AIM OF THE TASK – Write the data out in full and word for word. Do not include images.
BEGIN STORED DATA
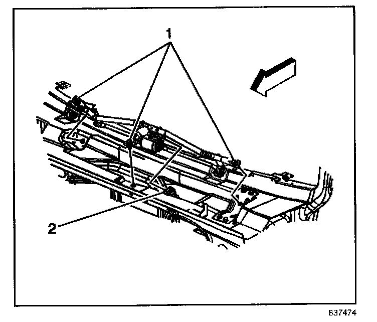 2. Install the bolts (1) retaining the wiper transmission to the vehicle.
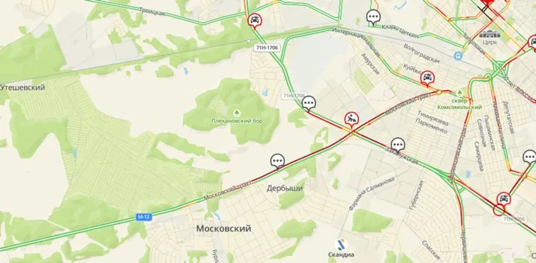 «Тюмень. Транспортный затор начинается от улицы Зои Космодемьянской и длится по Московскому тракту до поворота на поселок Московский. Длинна затора — 5 километров. Общее состояние пробок в Тюмени оценивается на шесть баллов», — отмечено на сервисе.
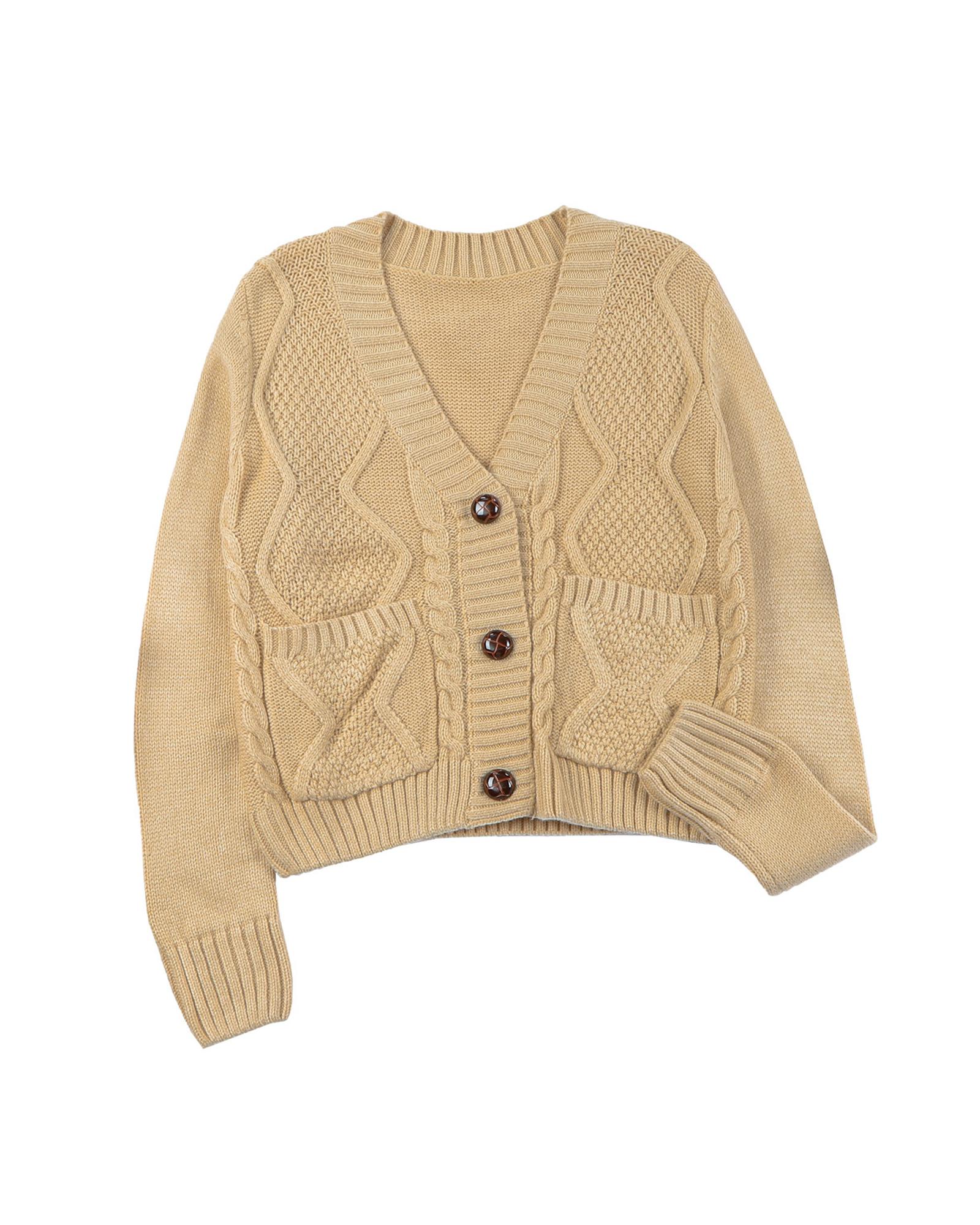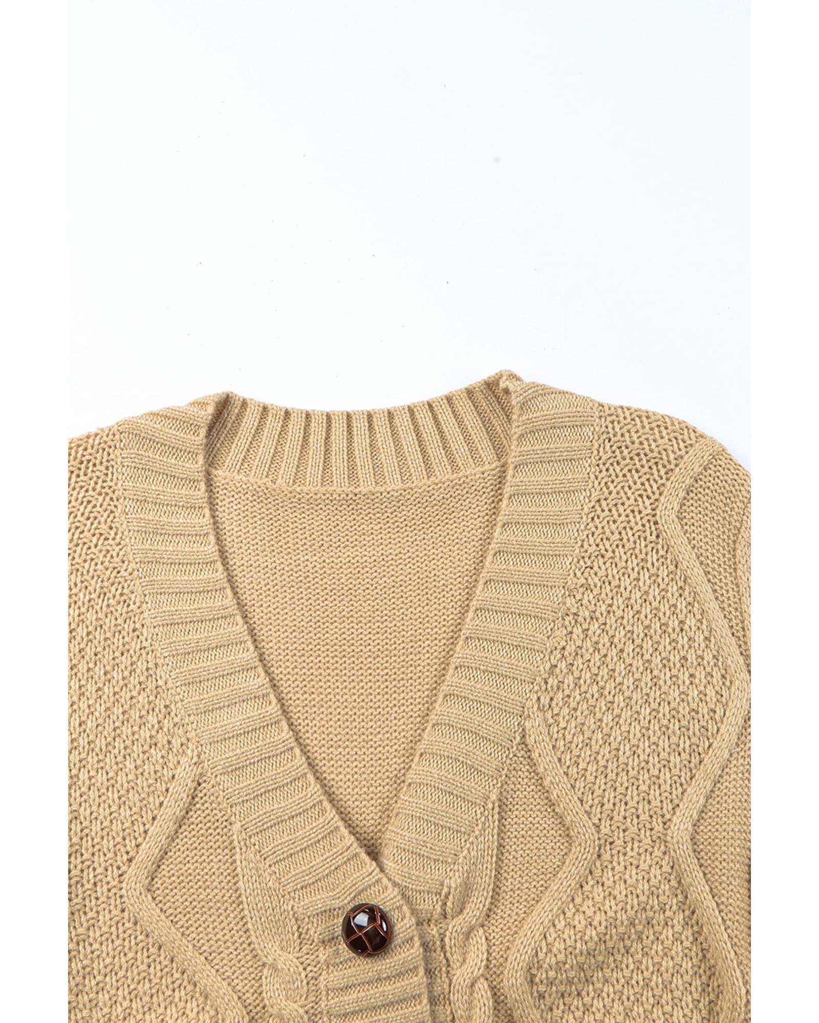 Azura Exchange Beige Front Pockets Buttons Textured Cardigan – L
END STORED DATA
YOUR RESPONSE –
 2. Install the bolts (1) retaining the wiper transmission to the vehicle.
 «Тюмень. Транспортный затор начинается от улицы Зои Космодемьянской и длится по Московскому тракту до поворота на поселок Московский. Длинна затора — 5 километров. Общее состояние пробок в Тюмени оценивается на шесть баллов», — отмечено на сервисе.
 Azura Exchange Beige Front Pockets Buttons Textured Cardigan – L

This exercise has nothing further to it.